In this article, you will see how to generate synthetic data in reliable manner to support your developments, adding the highest level of security to your data with the appropriate quality.

Analyzing Your Scenario

There are two ways of generate synthetic data:

  • Ethereal: The data is generated based on row generator functions. This method is usually used when you don’t have enough acknowledgement of your data. In some cases, in starting phases of your project. This part will be covered in next articles.
  • Real: The data is generated based on current data. This method is used frequently, in order to anonymize the data currently exist in your production environments and you want to provide data in lower ones. This article will be based on this scenario.

On one hand, you made a soft anonymization between production environments due to your stakeholders need to test and make the UAT, with the enough visibility and confidence to provide the GO live.

On the other hand, you made a hard anonymization in lower environments due to there are wide broadband of people like developers, testers, internships, etc that will access and you don’t want to share your business data in a open way.
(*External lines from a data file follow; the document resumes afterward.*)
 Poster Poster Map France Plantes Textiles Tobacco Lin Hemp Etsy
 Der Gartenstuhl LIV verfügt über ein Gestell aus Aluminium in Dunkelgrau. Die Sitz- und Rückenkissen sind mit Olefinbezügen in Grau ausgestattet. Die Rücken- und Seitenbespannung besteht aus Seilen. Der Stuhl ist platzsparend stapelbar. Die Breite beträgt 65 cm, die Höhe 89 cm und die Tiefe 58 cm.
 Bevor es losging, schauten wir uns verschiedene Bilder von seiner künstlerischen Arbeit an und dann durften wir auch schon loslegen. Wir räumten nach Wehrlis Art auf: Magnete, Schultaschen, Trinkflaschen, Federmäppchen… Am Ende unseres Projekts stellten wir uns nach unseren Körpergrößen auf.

Applying strategies for your synthetic data

You are on the way you want provide synthetic data into your environments, what would be the best strategy for this?

Row & Masking policies

It’s a good strategy due to is a dynamic way but this will have some inconvenients:

  • It will require you manage a lot of policies having in some cases limitations.
  • Applying policies will apply some extra charges on compute resources each time this information will be consumed, and it doesn’t mind if you can access or not.
  • It will imply vulnerabilities applying the same transformation, so it will depend of the values in your transformation in the policies you provide, you can associate always the same value to same row. So this scenario will allow some hackers infer information, and in some cases extract some insights from your information.
  • You can fall into having a poor quality data in some cases, that will deterior the agility of your tests and UATs.

Physical Synthetic Data

It’s other good strategy, but you have to have a good skills to achieve a good set of data. In this article you will improve this skills :)
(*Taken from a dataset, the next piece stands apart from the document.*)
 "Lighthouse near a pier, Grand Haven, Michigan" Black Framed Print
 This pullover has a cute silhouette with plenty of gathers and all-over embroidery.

We have to take into consideration that:

  • We will have to apply pass phrase to apply a different anonymization factor each time we want to generate our synthetic data. This process will be automatic but it has to be analyzed and defined aligned with your business. This step will be discussed in the next section.
  • It won’t incur in extra charges for each time you consume your data, is remember that is generated phisically, so it will only you be charged depending on that frequency.
  • The information provided will be generated periodically to avoid infer information, and not failing in vulnerabilites. We can decide when this information is expired to re-generate again our synthetic data.
  • We will keep a good quality of data, keeping the correct integrity in your datasets model.

Analyzing the generation of our Synthetic Data

This process is a bit complex but the understanding of the below steps will help you to become success in the benefits of your phisical synthetic data.

In order to apply a transformation of each field, you will have to consider the type of value (number, date, boolean,…) and its business value (what meaning is) if it really has it.

So once you know that, you have to think if you have a range of values for that.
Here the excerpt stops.